▸ **INPUT**
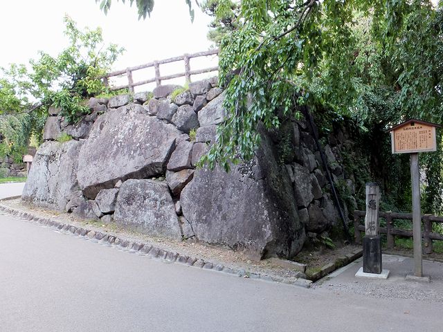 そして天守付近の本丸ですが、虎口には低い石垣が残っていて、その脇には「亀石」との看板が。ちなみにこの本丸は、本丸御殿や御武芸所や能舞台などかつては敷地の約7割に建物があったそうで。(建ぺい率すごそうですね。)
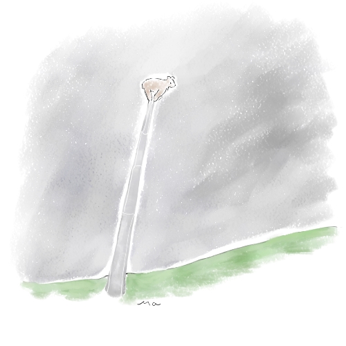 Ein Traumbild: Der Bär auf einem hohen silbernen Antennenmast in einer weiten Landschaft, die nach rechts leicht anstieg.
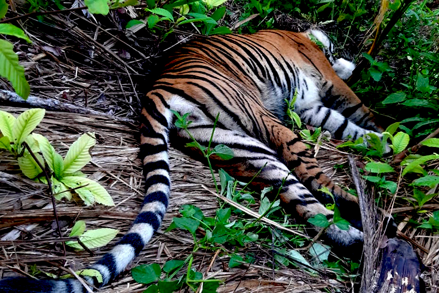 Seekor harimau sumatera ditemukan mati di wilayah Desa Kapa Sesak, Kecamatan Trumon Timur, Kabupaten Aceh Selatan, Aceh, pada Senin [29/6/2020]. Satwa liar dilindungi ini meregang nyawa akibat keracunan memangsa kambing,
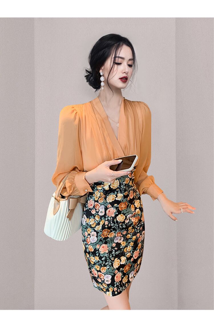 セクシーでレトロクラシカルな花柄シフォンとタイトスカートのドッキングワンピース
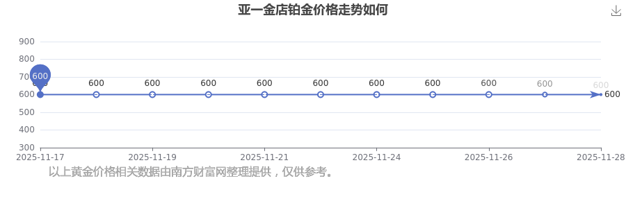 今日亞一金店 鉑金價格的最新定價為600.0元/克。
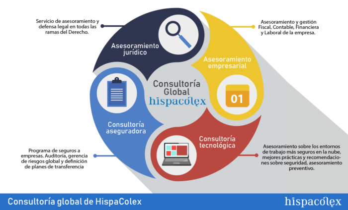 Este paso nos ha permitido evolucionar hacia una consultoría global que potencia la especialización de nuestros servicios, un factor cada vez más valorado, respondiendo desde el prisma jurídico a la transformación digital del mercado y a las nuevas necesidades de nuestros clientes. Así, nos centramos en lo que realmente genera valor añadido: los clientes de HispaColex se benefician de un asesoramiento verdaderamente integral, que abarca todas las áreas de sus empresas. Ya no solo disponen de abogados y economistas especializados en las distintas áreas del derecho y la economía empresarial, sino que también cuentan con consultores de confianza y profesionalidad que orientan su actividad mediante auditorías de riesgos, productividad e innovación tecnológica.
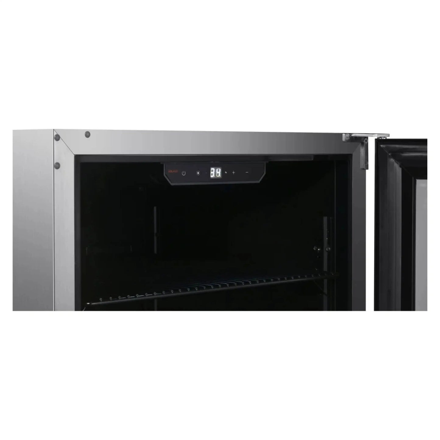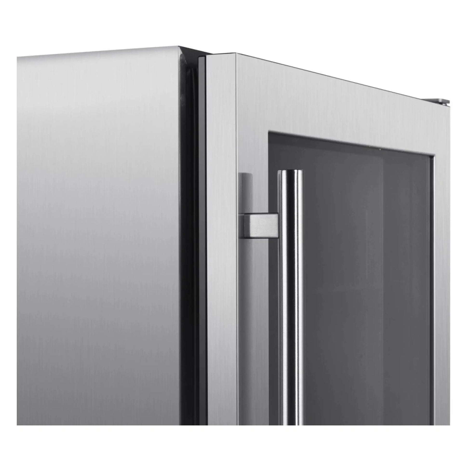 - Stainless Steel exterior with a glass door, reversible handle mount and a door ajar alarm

▸ **WHAT TO WORK ON**
Set the pictures aside and transcribe exactly the stretch of lines above, beginning with the one holding "Seekor harimau sumatera" and ending with the one holding "今日亞一金店 鉑金價格的最新定價為600.0元/克。".

▸ **ANSWER TO THIS EXERCISE**
 Seekor harimau sumatera ditemukan mati di wilayah Desa Kapa Sesak, Kecamatan Trumon Timur, Kabupaten Aceh Selatan, Aceh, pada Senin [29/6/2020]. Satwa liar dilindungi ini meregang nyawa akibat keracunan memangsa kambing,
 セクシーでレトロクラシカルな花柄シフォンとタイトスカートのドッキングワンピース
 今日亞一金店 鉑金價格的最新定價為600.0元/克。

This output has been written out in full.